Although I never though of it this way, not much changes would be required for a single-user computer:

Default boot privileges/rights level is “User”.

An “User” could temporarily esclate privileges/rights level via a command similarly to the “sudo” command in Linux. Alternatively, installation of software packages could be initiated at “User” level but would still require “Adminstrator” password to go beyond their splash screen.

The log-on for the “Owner” level with full privileges/rights, but with restricted internet surfing rights, would be accessed via a keyboard key press during the boot process. It could be left to the owner of the machine to define if failure to enter the right password returns to the log-on window or skips to the default boot at “User” privileges/rights level.
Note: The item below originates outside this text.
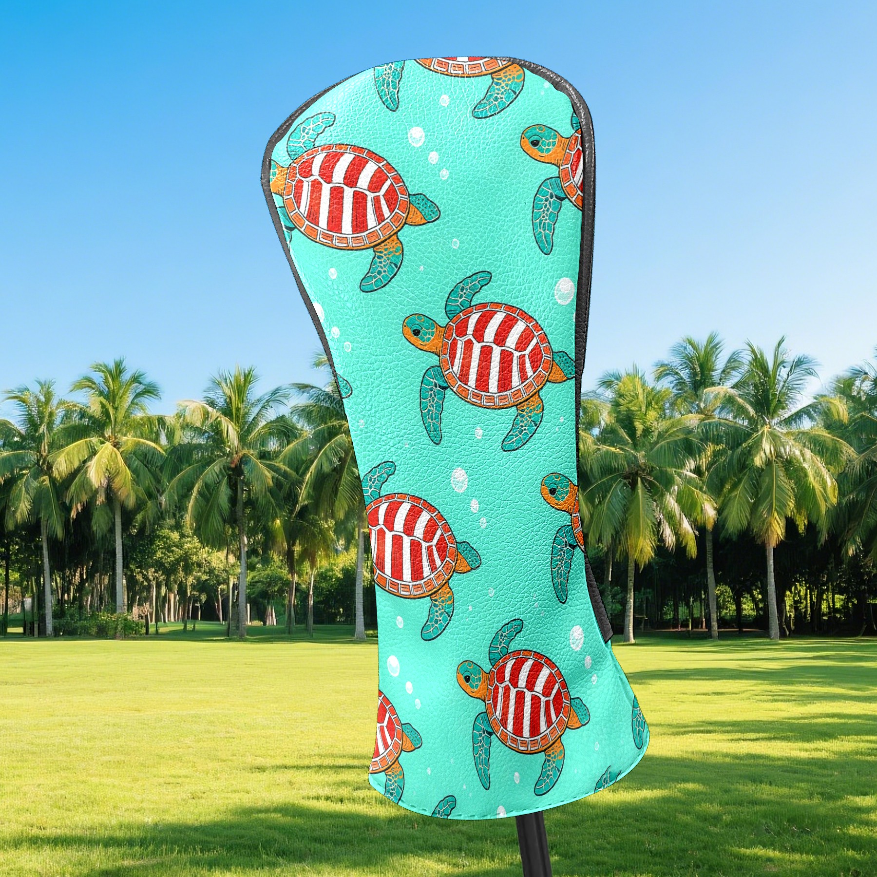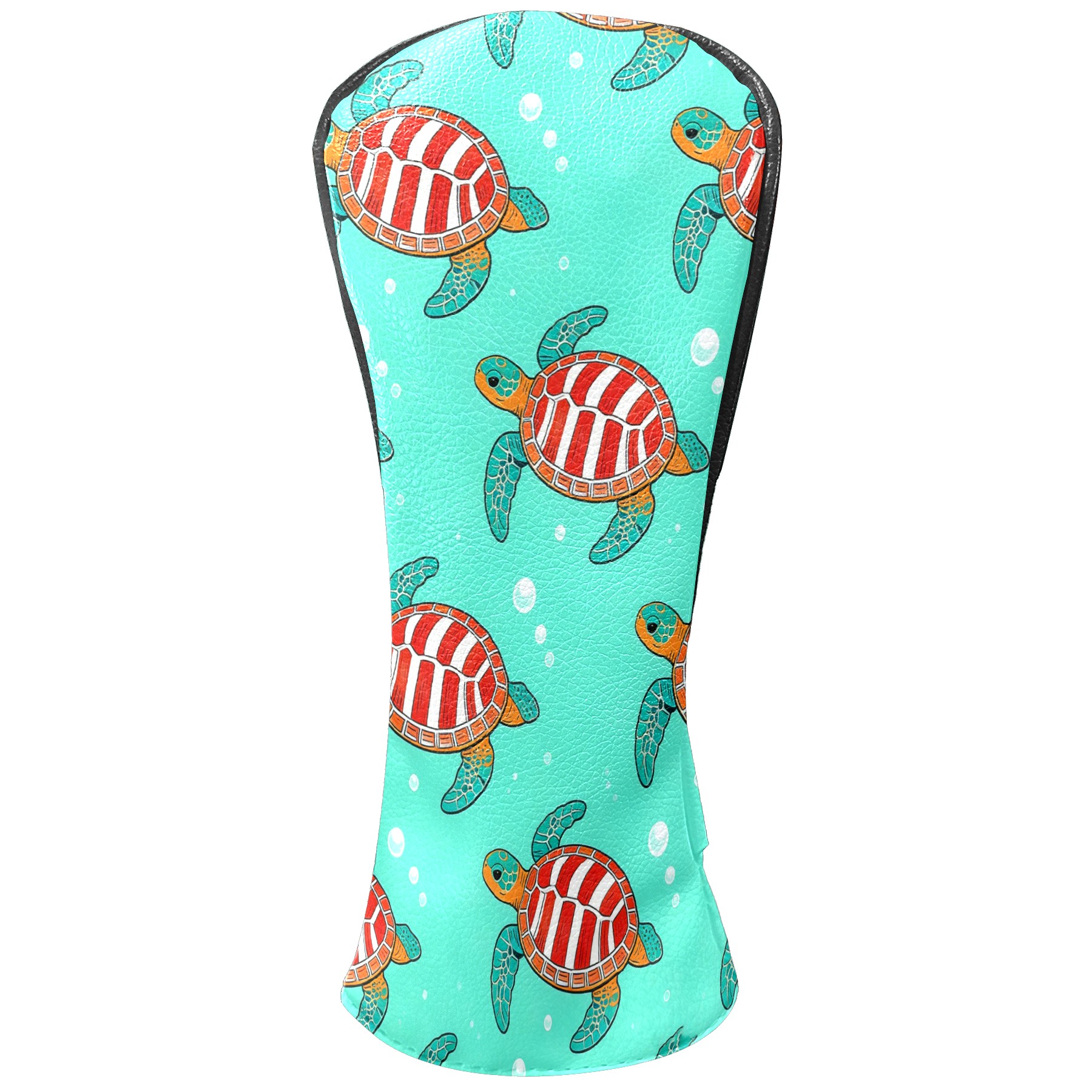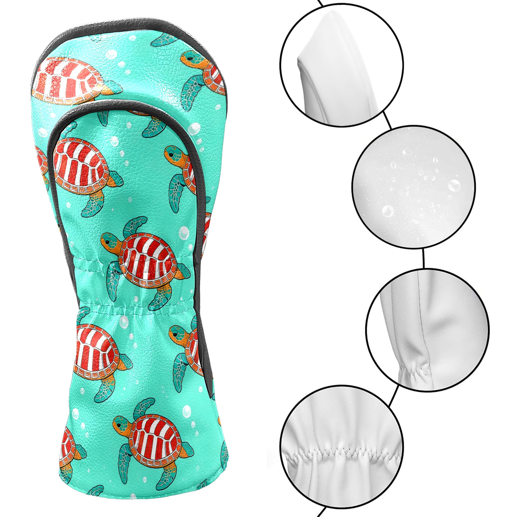 Golf Head Covers Leather Driver Head Cover, Premium Golf Club Covers with Anti-Scratch Lining for Women Men 1/3/5 Wood Cover for Golf Clubs (Sea Turtle)

Furthermore, the owner of the machine could set-up the boot script to have the “Owner” privileges/rights level as default boot with a pre-entered password (if so desired).
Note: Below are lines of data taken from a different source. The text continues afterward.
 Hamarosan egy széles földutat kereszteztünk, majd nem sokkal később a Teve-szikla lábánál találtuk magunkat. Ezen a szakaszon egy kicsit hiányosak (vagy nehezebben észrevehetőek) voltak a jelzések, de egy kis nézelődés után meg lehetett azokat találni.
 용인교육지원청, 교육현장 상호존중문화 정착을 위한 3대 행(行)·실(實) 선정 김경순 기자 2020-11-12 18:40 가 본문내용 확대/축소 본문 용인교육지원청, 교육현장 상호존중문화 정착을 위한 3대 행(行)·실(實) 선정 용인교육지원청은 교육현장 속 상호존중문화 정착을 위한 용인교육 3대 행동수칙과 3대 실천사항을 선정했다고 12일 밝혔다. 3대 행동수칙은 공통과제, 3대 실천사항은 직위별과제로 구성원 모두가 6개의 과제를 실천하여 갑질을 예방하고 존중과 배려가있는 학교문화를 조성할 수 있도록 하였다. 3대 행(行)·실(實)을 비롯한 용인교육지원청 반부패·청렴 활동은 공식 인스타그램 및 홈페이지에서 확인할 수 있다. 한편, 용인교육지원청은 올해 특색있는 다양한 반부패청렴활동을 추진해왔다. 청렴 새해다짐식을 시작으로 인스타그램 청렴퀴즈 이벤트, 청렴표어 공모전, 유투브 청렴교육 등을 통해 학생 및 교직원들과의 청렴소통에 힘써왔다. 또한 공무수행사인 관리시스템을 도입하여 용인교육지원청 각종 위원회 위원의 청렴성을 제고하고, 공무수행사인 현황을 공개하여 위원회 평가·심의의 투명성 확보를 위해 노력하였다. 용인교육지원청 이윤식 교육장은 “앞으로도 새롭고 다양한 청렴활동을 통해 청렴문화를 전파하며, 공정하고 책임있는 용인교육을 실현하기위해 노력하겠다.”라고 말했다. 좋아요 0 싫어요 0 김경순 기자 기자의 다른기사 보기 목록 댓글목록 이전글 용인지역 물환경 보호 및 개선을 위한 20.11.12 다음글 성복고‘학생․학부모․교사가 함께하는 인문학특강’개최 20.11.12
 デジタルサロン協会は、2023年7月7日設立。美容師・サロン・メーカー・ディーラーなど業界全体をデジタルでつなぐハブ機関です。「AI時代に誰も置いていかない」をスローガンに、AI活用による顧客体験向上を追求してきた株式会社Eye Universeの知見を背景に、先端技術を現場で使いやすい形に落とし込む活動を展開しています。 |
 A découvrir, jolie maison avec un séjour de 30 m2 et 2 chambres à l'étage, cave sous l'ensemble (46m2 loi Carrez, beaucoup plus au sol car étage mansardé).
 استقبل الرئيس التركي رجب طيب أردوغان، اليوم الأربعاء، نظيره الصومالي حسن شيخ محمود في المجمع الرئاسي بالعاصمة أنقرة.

The main reason in allowing access to the highest privileges/rights only from a boot is to minimize the risk of installation of a rootkit via privileges/rights escalation by a malicious code fragment. There has been numerous reported exploits of such escalation to “root” in Linux and Windows.

Some more thoughts are required with respect to the desirability of default passwords for the “Administrator” and “Owner” levels and how to support this in a LiveCD or USB boot. That’s for another day.

why not lock code into userland and block each user’s access to other users’ files? the root/common/user setup seems tailor-made for such an environment, each upper level mirroring root – it makes more sense to restrict code than a user, and definitely more worthwhile to cultivate responsible users (it’s not hard).

Hi there,

I imagine a multi-user system so ago, everyone has his own home directory, in which he can do what he wants.
These home directory should be on a different partition or hard drive to be outsourced (maybe the end of the development could be this partition / hard disk provided with an encryption)

Further receiving the package manager should have the opportunity for all to install software, but then only as administrator.
The common users should only install in his home directory.
The user stores his personal settings mails etc, independently of the other users.

best regards

lorglas

1 Like

Haiku should port over sudo. Yes the linux and OSX way works. haiku’s file system is similer to how OSX’s works so why not do the same. Now I want to see Haiku suport MUMT witch stands for Multipule User Multi Tasking. Haiku needs multi user suport just like OSX, Linux, PC-BSD, AROS, Amiga OS, and Windows. How is haiku going to get adoption in schools and offices if it does not suport this. If Jami installs some apps in here /boot/home/Jami or /boot/Jami or how ever the debs rewrite the file hiarkey, Jami’s folders should not be seeable or editable by any other user other then her or ROOT. Again this is a feature that Linux has with the home directery. Now THAT also means redoing all the input drivers to suport MUMT and create a low powered easy system to do it. For all who don’t know what MUMT would do let me give you an example. Normaly in a class you have 30 to 40 students and each one of them NEEDS their own computer. With MUMT you in theory you can cut that down by 50%. How this would be possible is simple. With MUMT each computer would be able to have up to 4 pysical users. Each time you plug in an moniter the first user or the Root can detrmin the settings and what devices that user would be able to use. Now this would be crazy with an OS like Windows or Linux , how ever with Haiku’s light weight it would be realy pratcial.

Your “MUMT” is actually called “multi-seat” (as distinct from multi-head, which just means having several displays connected to the same machine) and there have been many thousands of seats provided in this way on Linux systems, in schools and other environments where driving down per-seat costs is important.

For security, multi-user is not enough. You also want to be able to control what any app is allowed to do on your system. Just because you are running as admin doesn’t mean that every app should be able to screw up your stuff on its own.

Ok… You do not want to make multi-user, so what is about Administrator/User separation?